Suppose $W_t$ is a standar brownian motion. Call
$$ X_t = W_{t+\Delta}-W_t $$
the variation of $W$ in an interval of length $\Delta$. Call $$ \sigma = \sqrt{2}\,\Delta $$
the standard deviation of $X_t^2$. I want to approximate
$$ X_t^2 =\mathbb{E}\left[X_t^2\right]+O_p\left(\sigma^\alpha\right) =\Delta+O_p\left(\sigma^\alpha\right) $$
for a suitable choice of $\alpha$. Chebyshev's inequality immediately delivers $\alpha=1$, however Chebyshev's inequality it is generic and does not exploit the fact that $X_t^2-\Delta$ has a normal distribution.
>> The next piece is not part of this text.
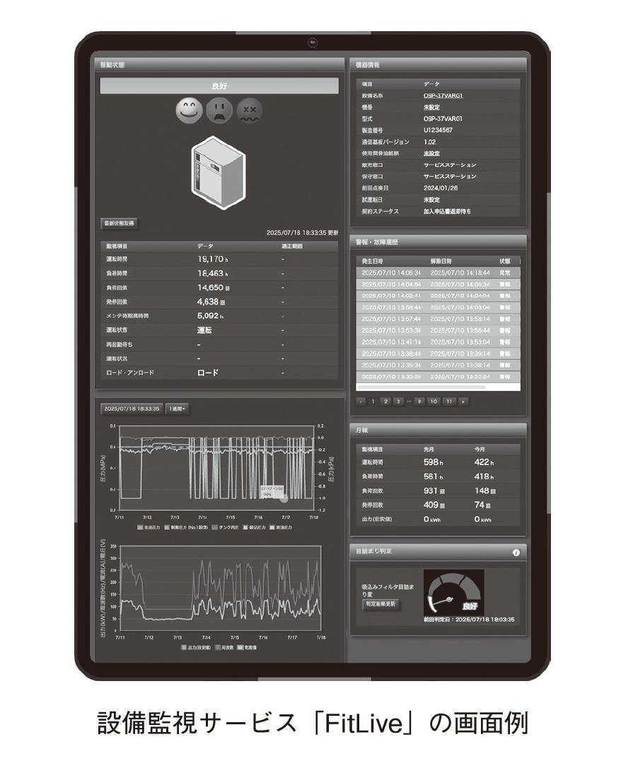 この課題に対し、当社は設備監視サービス「FitLive」を標準搭載する空気圧縮機のラインアップを拡充した。これにより、遠隔地から容易に稼働状況を把握できる環境を整えている。

In fact
$$ \mathbb{P}\left[\left|X_t^2-\Delta\right|\geq M\,\sigma^{\alpha}\right] =\text{erfc}\left(\frac{M\,\sigma^{\alpha-1}}{\sqrt{2}}\right) $$
and, since for large $M$ the function $\text{erfc}\left(\frac{M\,\sigma^{\alpha-1}}{\sqrt{2}}\right)$ goes to zero I would conclude that
$$ (W_{t+\Delta}-W_t)^2 = \Delta+O_p\left(\Delta^\alpha\right) $$
for any $\alpha>1$. Is there some flaw in my logic?